The Rookery Walled Garden did not show the well known Victorian walled garden architecture or other traditional appearances. mAgdA and Berth developed ways to connect gardening with sculpturing -"artistic" gardening - so the garden does not become a plain canvas on which you paint with colourful plants but where the garden becomes a living sculpture itself.

Sculpture parks, like Goodwood in West Sussex and the Kröller Müller Museum in Holland, use forest as a backbone for the display of their sculptures. This concept is taken one step further so the garden becomes sculptural to complement the sculptures which are displayed in the garden with performing trees and the landscape to match the artefacts. Not only sculptures are displayed in this way but also poetry - poetry that has a strong connection with nature for example in Haiku. These poems were displayed right in the nature they reflect. The Rookery Walled Garden had a podium where people could read their poems to the visitors of the garden. It was a lovely spot to paint, write poems, or make any other art. Emotional landscapes are formed by nature herself all around us but often we failed to see it.
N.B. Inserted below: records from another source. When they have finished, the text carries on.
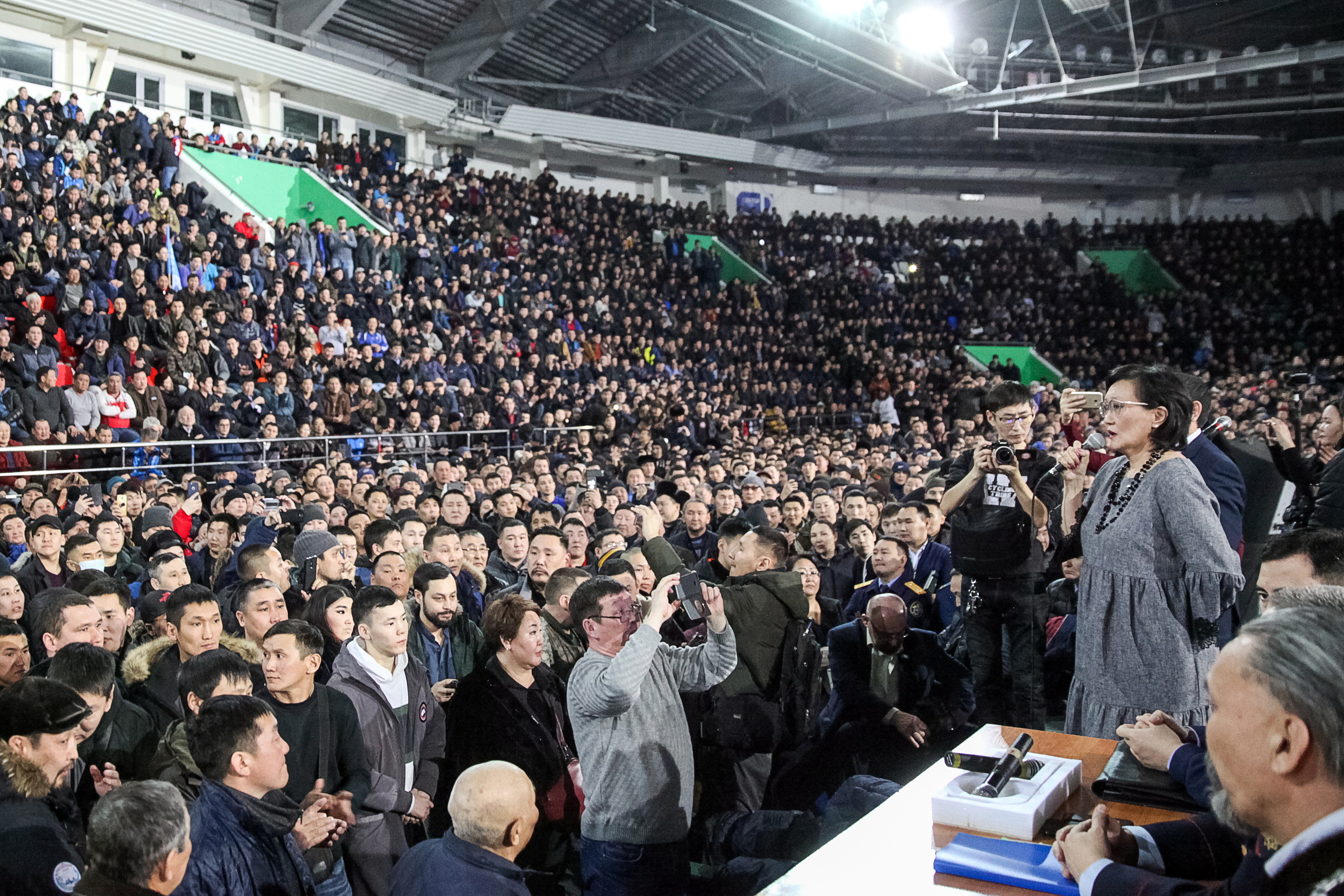 Весь диалог народа с властью велся на якутском языке. Успокоить собравшихся удалось мэру Якутска Сардане Авксентьевой.
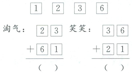 5. 新考法 竖式探究 淘气和笑笑玩摆竖式的游戏,他们用下面的4张卡片摆竖式,规定谁摆出的竖式的结果大谁就赢。
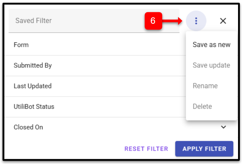 - If you would like to save the filter you just created, click on the three-dot More Options menu by the Saved Filter dropdown and select Save as new.
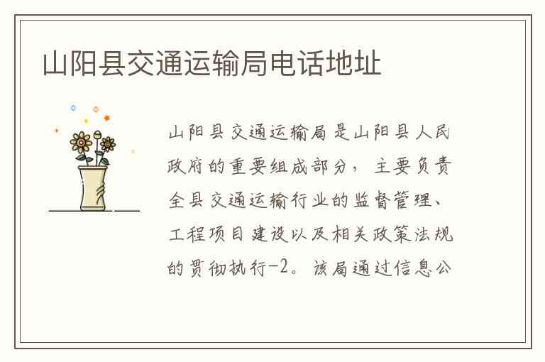 以下是关于山阳县交通运输局的详细地址、联系方式及其主要服务内容的说明。

Only when we can unwind from the rush of modern life we have the possibility to reflect on what nature offers us.
yingyang
bay tree
A walled garden provided us the perfect opportunity to leave the hassles behind us when we entered the garden through the special gate to engage protected in a different world. The walls sheltered us but nature can fly in from above and the sun stroke the space with her warming beams. A brilliant place to start cultivated nature, working with nature to create a variety of emotional landscapes in which we can contemplate and even meditate. A place where our inner creativity has a change to come out to evolve in a connection with nature. When mAgdA came back to the walled garden in Solva in 2009 she rediscovered the plants she planted between 1998 and 2002. Berth and mAgdA made the design of the garden around these reappearing plants. A design where stinging nettles are just as much appreciated as the Eucalyptus - the mint has its place next to the old apple tree - to show that "non-native" trees and plants can have a place and permission to grow in this landscape; to give a taste of the wild fruits and the domesticated fruits.